PROBLEM STATEMENT |
Leave out the pictures and repeat every record exactly.

───── EXERCISE MATERIAL

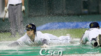 6일 잠실 구장에서 열린 두산 베어스와 KIA 타이거즈 경기에서 강우 골드 게임으로 5-0으로 승리한 두산 베어스 임재철과 용덕한이 빗물 슬라이딩으로 팬서비스를 하고 있다./잠실=김영민기자ajyoung@osen.co.kr [Copyright ⓒ 한국 최고의 스포츠 엔터테인먼트 전문 미디어 OSEN(www.osen.co.kr) 무단전재 및 재배포 금지]
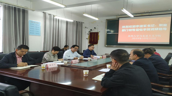 为了做好“不忘初心、牢记使命”主题教育调查研究阶段的工作,2019年10月12日,贵州大学党委书记李建军率领校党委组织部部长李昕昌、人事处处长张洁副处长江河、教务处处长陈祥盛,到马克思主义学院开展题为“贵州大学思想政治课程建设”的领题座谈调研活动。马克思主义学院参加此次调研座谈会的有学院党委书记杨仁厚、院长张国安、副院长郭红军、副院长李传兵、副院长卢正涛,以及部分教研室主任、党支部书记。
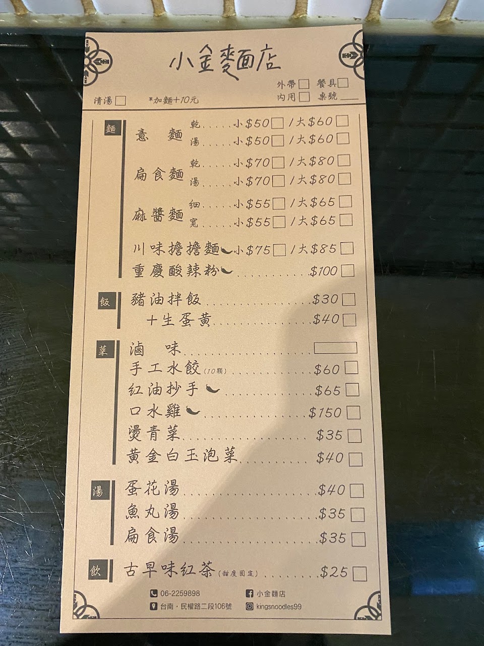 先說結論,裝潢擺設很文青,用餐環境乾淨舒適,但即便沒有上述那些,食物的本質就足以驅動我回訪。在台南説到文青小吃店,葉明致應該是指標,不過小金的麻醬麵跟扁食湯都更勝一籌,尤其麻醬麵的濃稠以及風味層次是媲美老店的實力,寬麵條的選擇也比昨天才去吃的“初麵”的寬麵條口感更好。若不是前面已經吃了兩家店,大概會加點滷味或紅油抄手,只能等回訪了!
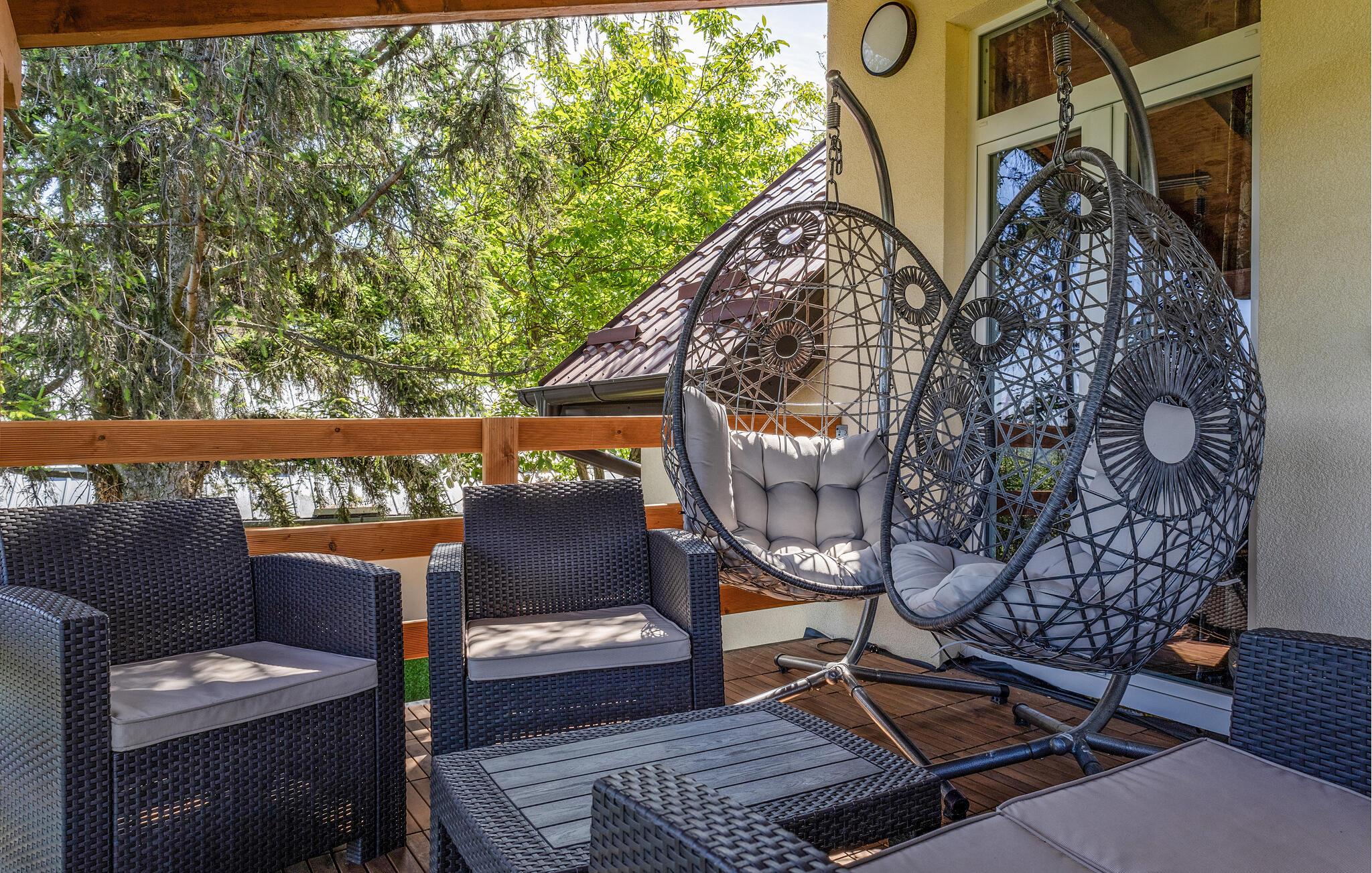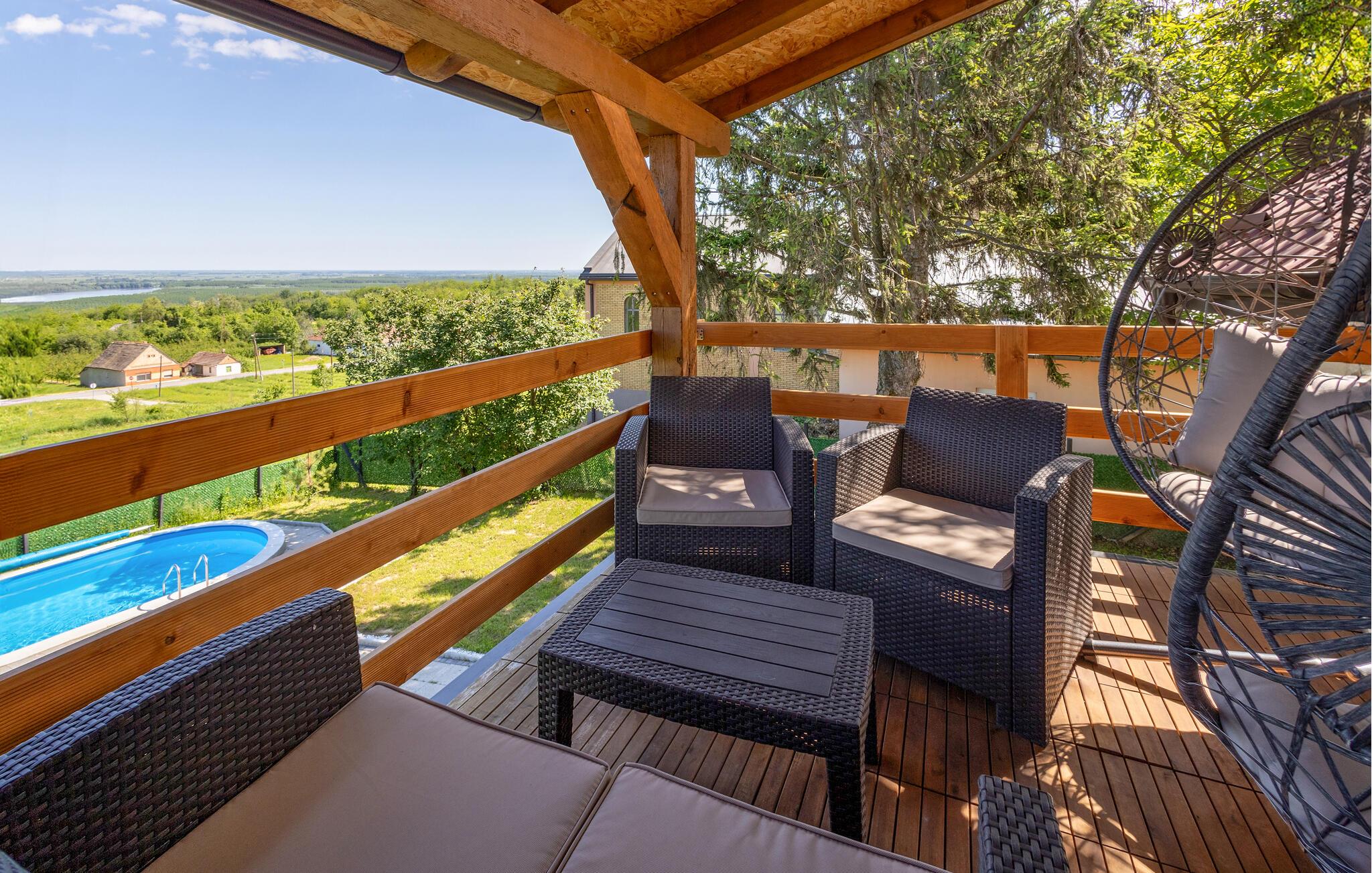 Dette to-etagers hus ligger tæt på grænsen til Serbien og er virkelig flot indrettet med masser af komfort. I kommer ikke til at mangle noget her, og der er lagt op til mange hyggelige fælles måltider ved det store spisebord. På den overdækkede terrasse på første sal venter jer en lille oase af velvære; glid ned i det varme vand i spabadet og find jer godt til rette i loungemøblerne, hvor I kan nyde den smukke udsigt over det serbiske naturreservat Gornje Podunavlje.
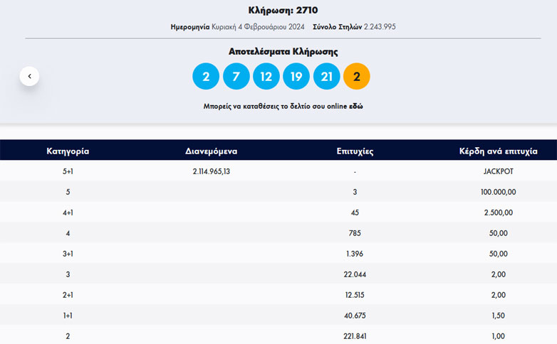 Στη δεύτερη κατηγορία βρέθηκαν δύο δελτία που κερδίζουν από 100.000 ευρώ...

──────────

WORKED SOLUTION |
 6일 잠실 구장에서 열린 두산 베어스와 KIA 타이거즈 경기에서 강우 골드 게임으로 5-0으로 승리한 두산 베어스 임재철과 용덕한이 빗물 슬라이딩으로 팬서비스를 하고 있다./잠실=김영민기자ajyoung@osen.co.kr [Copyright ⓒ 한국 최고의 스포츠 엔터테인먼트 전문 미디어 OSEN(www.osen.co.kr) 무단전재 및 재배포 금지]
 为了做好“不忘初心、牢记使命”主题教育调查研究阶段的工作,2019年10月12日,贵州大学党委书记李建军率领校党委组织部部长李昕昌、人事处处长张洁副处长江河、教务处处长陈祥盛,到马克思主义学院开展题为“贵州大学思想政治课程建设”的领题座谈调研活动。马克思主义学院参加此次调研座谈会的有学院党委书记杨仁厚、院长张国安、副院长郭红军、副院长李传兵、副院长卢正涛,以及部分教研室主任、党支部书记。
 先說結論,裝潢擺設很文青,用餐環境乾淨舒適,但即便沒有上述那些,食物的本質就足以驅動我回訪。在台南説到文青小吃店,葉明致應該是指標,不過小金的麻醬麵跟扁食湯都更勝一籌,尤其麻醬麵的濃稠以及風味層次是媲美老店的實力,寬麵條的選擇也比昨天才去吃的“初麵”的寬麵條口感更好。若不是前面已經吃了兩家店,大概會加點滷味或紅油抄手,只能等回訪了!
 Dette to-etagers hus ligger tæt på grænsen til Serbien og er virkelig flot indrettet med masser af komfort. I kommer ikke til at mangle noget her, og der er lagt op til mange hyggelige fælles måltider ved det store spisebord. På den overdækkede terrasse på første sal venter jer en lille oase af velvære; glid ned i det varme vand i spabadet og find jer godt til rette i loungemøblerne, hvor I kan nyde den smukke udsigt over det serbiske naturreservat Gornje Podunavlje.
 Στη δεύτερη κατηγορία βρέθηκαν δύο δελτία που κερδίζουν από 100.000 ευρώ...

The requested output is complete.